4. Governmental and judicial inquiries into the conduct of political entities, citizens and business are disturbing progress.
5. Securities markets are increasingly volatile in the face of governmental inconsistency and lack of leadership.
US businesses and Global businesses doing business in the US are for the moment not particularly unsettled but as political figures disparage the business interests of our trading partners, concerns mount amongst investors, employers, economists, and government.
As we have analysed the varied predictions for growth and inflation, it is impossible to overlook the possibility of economic unsettlement as the western world contends with internal conflicts. As well, it is a contentious period amongst stake holders in Eastern Europe, particularly the relationships between the Russian and the Ukraine as well as the material refugee crisis emanating from the US withdrawal from Afghanistan. Continued issues with China and the impact of Covid-19, which are quite unsettled, make forecasts for 2022 very tenuous.
If current consumer and employer demand continue without major undesirable global events, it would appear that a continuation of pre-Covid employment growth (3-4%) and modest acceleration of GDP as adjusted for inflation should continue. We are all ware of the possibilities of unexpected events undoing the realization of growth.

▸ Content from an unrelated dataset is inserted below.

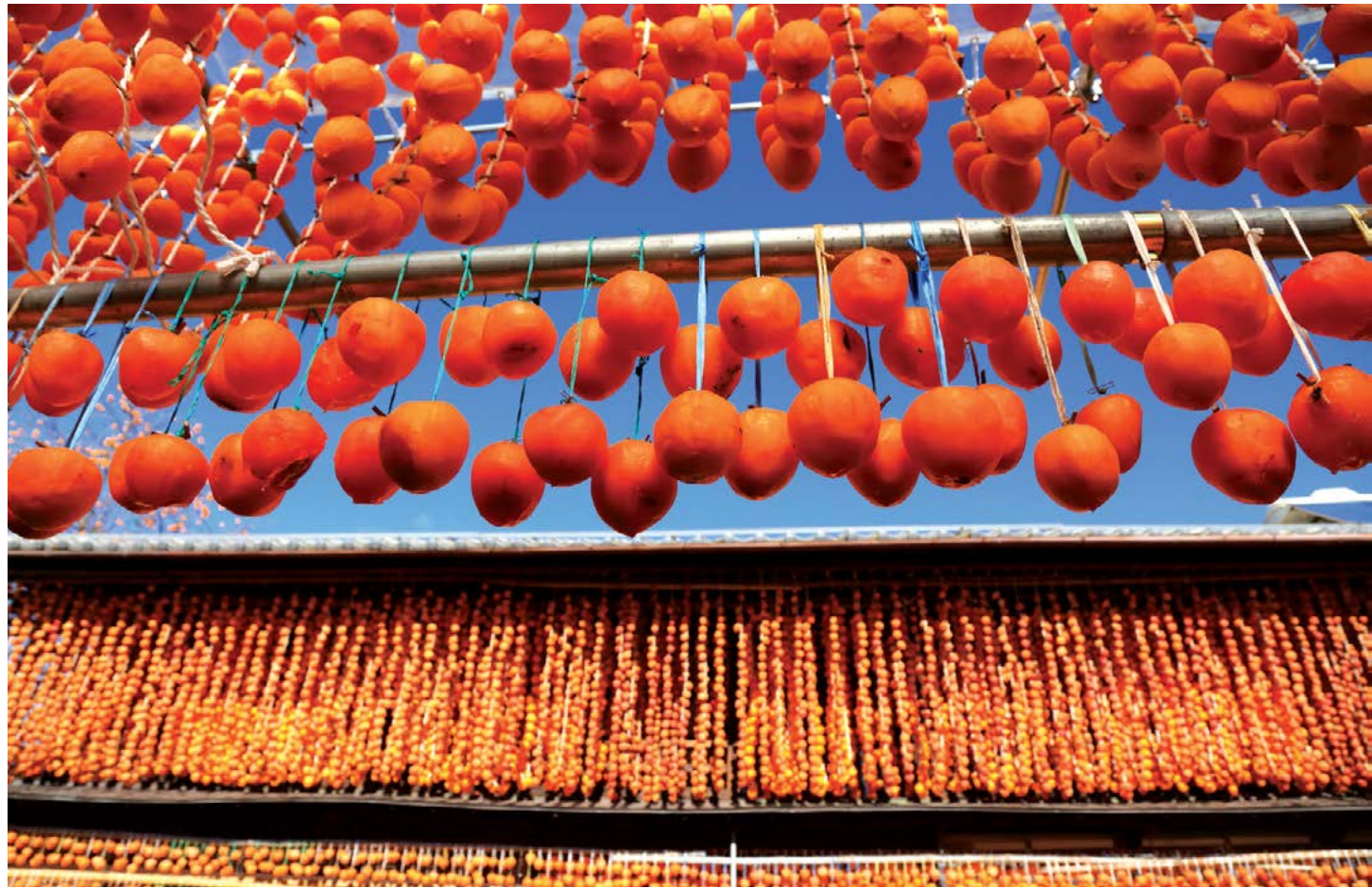
Những dây treo hồng sấy (hoshigaki) là một cảnh tượng thường thấy ở vùng nông thôn Nhật Bản. Làm hồng sấy là một nghi thức theo mùa ở nơi đây.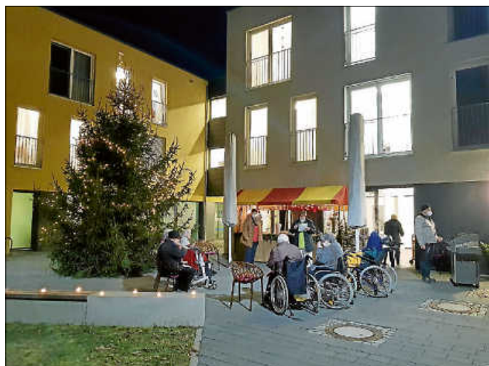
Vorweihnachtliche Stimmung im Palmschen Garten

Wir sind froh, dass durch die corona-bedingten stark eingeschränkten Aktivitäten der Ehrenamtlichen die Verbundenheit zu den Bewohnern eher verstärkt wird. Trotzdem hoffen wir mit den Bewohnern, dass bald wieder die gewohnten Veranstaltungen stattfinden können. Denn uns fehlen diese persönlichen Kontakte genauso wie den Bewohnern.

We have not carved out Canada as the size of Canada and their exceptional growth in 2021 suggest continuation of modest employment growth with stability and acceleration. Natural resource products as well as financial growth are expected but probably not at the same levels as were sustained in 2021.
We close with the thought that unsettlement in the social, political and governmental issues are contributing to an air of uncertainty in the economy at large as well as in the employment markets. We need to be watchful and adjust as needed.